**PROVIDED DATA**
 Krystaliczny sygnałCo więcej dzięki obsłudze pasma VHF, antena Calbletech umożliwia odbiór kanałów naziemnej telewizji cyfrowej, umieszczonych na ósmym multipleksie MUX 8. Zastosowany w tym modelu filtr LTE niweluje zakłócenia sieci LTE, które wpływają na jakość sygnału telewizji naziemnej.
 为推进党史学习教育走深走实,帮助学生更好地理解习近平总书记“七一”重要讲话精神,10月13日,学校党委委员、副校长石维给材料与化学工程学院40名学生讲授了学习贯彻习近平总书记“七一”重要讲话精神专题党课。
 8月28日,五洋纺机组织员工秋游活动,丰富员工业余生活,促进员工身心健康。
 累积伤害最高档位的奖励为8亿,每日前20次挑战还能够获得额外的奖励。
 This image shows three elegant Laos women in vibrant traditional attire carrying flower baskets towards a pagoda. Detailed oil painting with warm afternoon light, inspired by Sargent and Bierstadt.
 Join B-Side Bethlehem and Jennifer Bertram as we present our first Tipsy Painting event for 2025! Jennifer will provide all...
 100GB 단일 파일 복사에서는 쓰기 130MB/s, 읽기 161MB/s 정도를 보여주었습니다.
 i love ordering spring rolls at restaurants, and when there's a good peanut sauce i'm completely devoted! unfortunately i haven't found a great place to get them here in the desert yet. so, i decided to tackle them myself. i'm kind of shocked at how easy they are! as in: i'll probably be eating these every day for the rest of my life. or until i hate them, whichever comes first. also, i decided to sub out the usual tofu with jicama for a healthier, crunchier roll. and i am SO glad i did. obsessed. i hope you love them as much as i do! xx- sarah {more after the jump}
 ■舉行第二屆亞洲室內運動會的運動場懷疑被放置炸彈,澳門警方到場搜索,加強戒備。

...

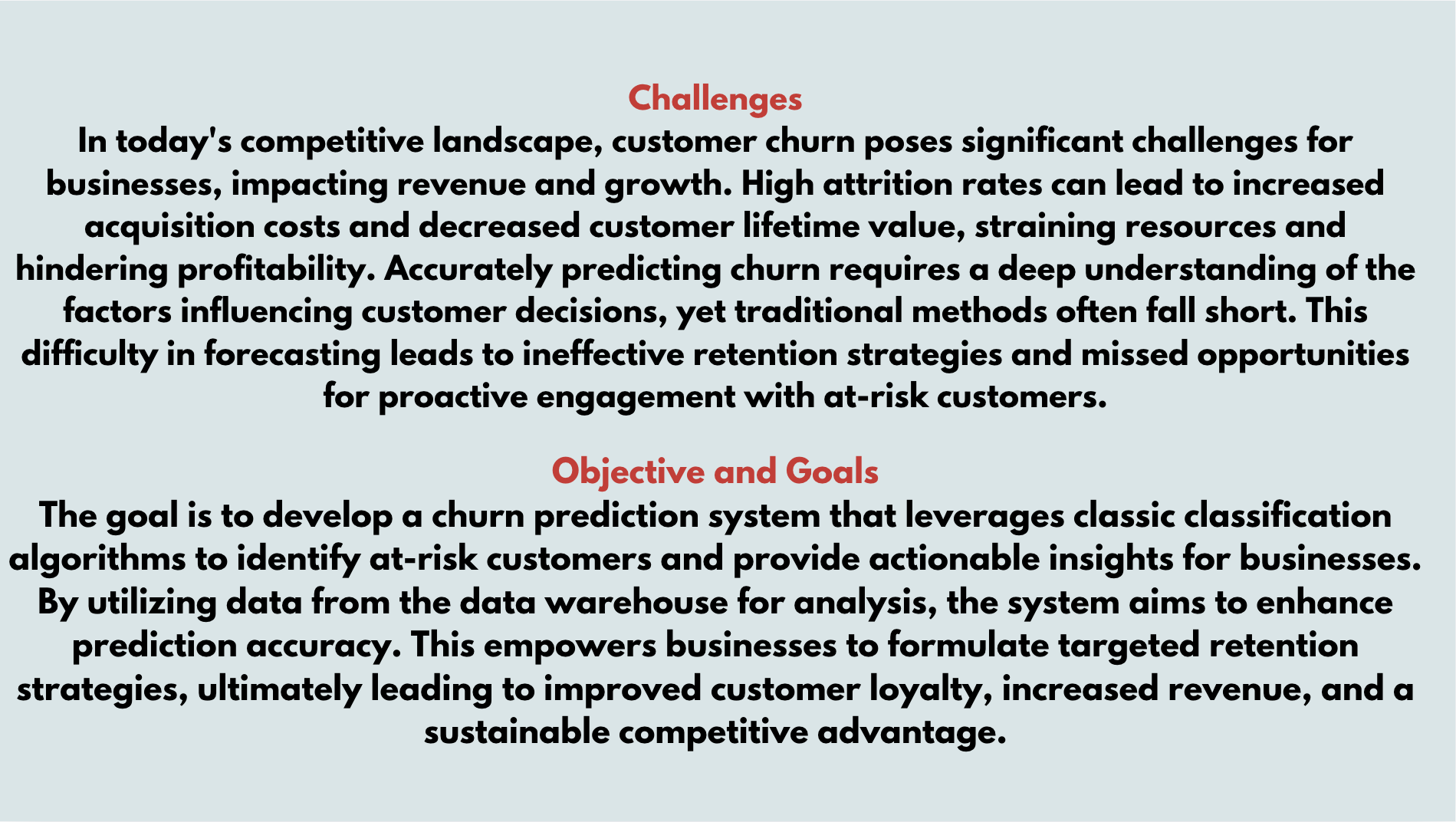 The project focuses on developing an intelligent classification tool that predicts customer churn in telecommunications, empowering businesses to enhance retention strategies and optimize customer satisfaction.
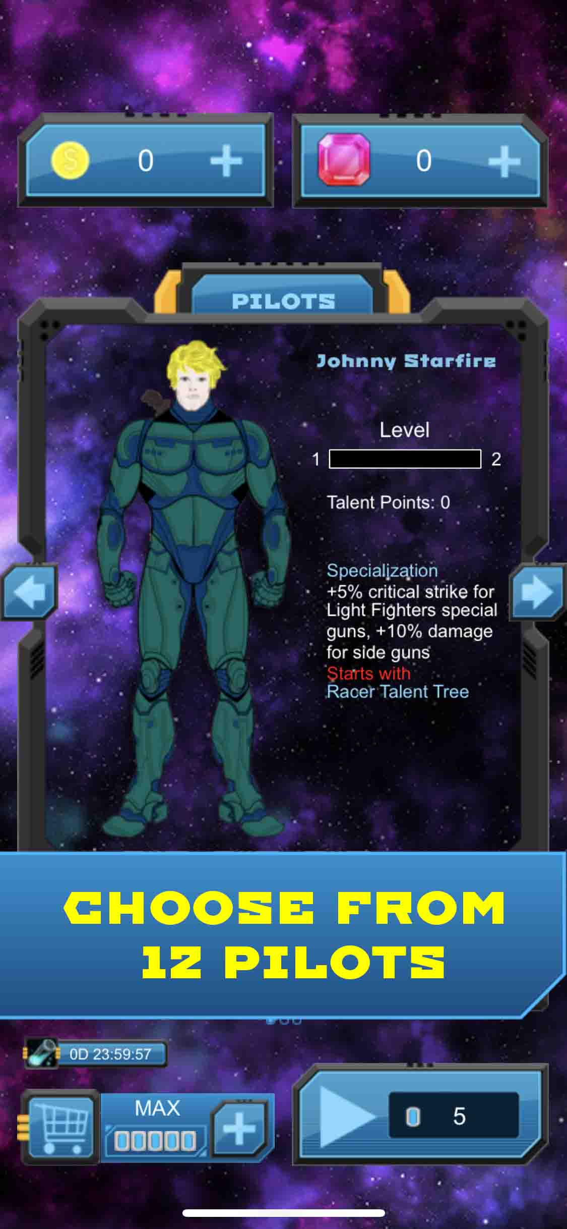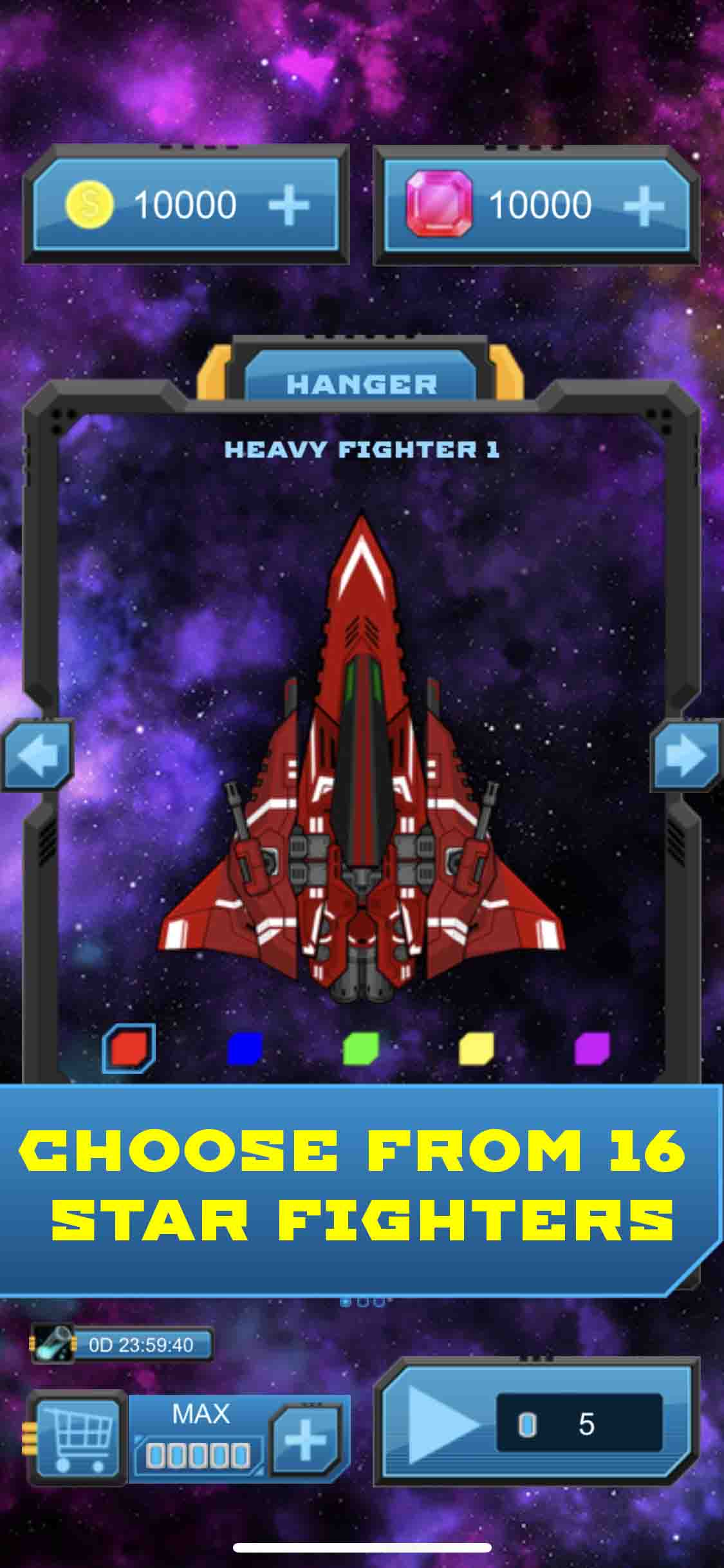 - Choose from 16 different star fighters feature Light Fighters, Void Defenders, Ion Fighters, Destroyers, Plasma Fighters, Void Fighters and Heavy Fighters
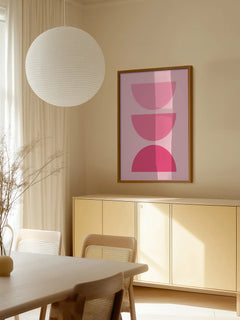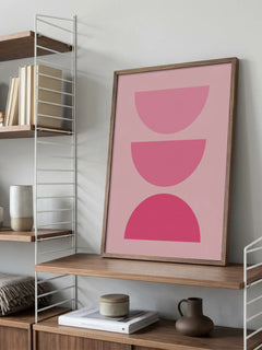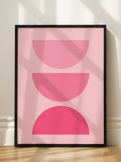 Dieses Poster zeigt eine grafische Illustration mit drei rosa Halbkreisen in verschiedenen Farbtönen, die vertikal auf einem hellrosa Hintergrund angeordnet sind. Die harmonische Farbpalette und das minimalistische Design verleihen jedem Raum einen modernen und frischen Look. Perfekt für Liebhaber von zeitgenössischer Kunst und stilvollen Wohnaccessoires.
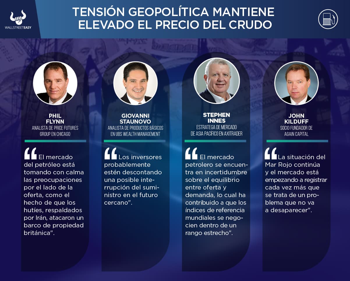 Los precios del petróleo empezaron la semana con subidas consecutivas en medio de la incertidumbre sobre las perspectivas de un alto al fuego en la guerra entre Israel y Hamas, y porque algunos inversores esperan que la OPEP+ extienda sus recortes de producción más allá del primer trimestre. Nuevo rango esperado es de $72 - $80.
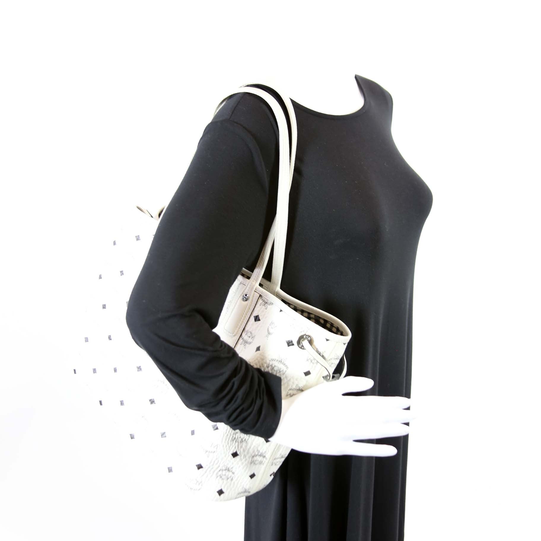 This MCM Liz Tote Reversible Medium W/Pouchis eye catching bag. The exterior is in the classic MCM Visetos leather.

**WHAT YOU SHOULD DO**
Only a number is expected here: how many lines above contain the word "first".

**SOLUTION TO THE PROBLEM**
2